The Core Web Vitals initiative by Google provides a set of metrics to help you understand the performance of your website.
The three Core Web Vitals metrics are:
This post focuses on the recently introduced INP metric and what you can do to improve it.
How Is Interaction To Next Paint Measured?
INP measures how quickly your website responds to user interactions – for example, a click on a button. More specifically, INP measures the time in milliseconds between the user input and when the browser has finished processing the interaction and is ready to display any visual updates on the page.
Your website needs to complete this process in under 200 milliseconds to get a “Good” score. Values over half a second are considered “Poor”. A poor score in a Core Web Vitals metric can negatively impact your search engine rankings.
Google collects INP data from real visitors on your website as part of the Chrome User Experience Report (CrUX). This CrUX data is what ultimately impacts rankings.

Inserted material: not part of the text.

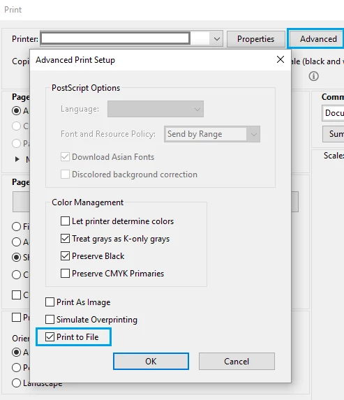 2- Select your printer from the drop-down option under Printer > click Advanced > uncheck the box next to Print to file.
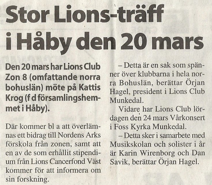 Inför Lions Zonmöte (Zon8) den 20 mars 2012 kunde man läsa

How To Identify & Fix Slow INP Times
The factors causing poor Interaction to Next Paint can often be complex and hard to figure out. Follow this step-by-step guide to understand slow interactions on your website and find potential optimizations.
1. How To Identify A Page With Slow INP Times
Different pages on your website will have different Core Web Vitals scores. So you need to identify a slow page and then investigate what’s causing it to be slow.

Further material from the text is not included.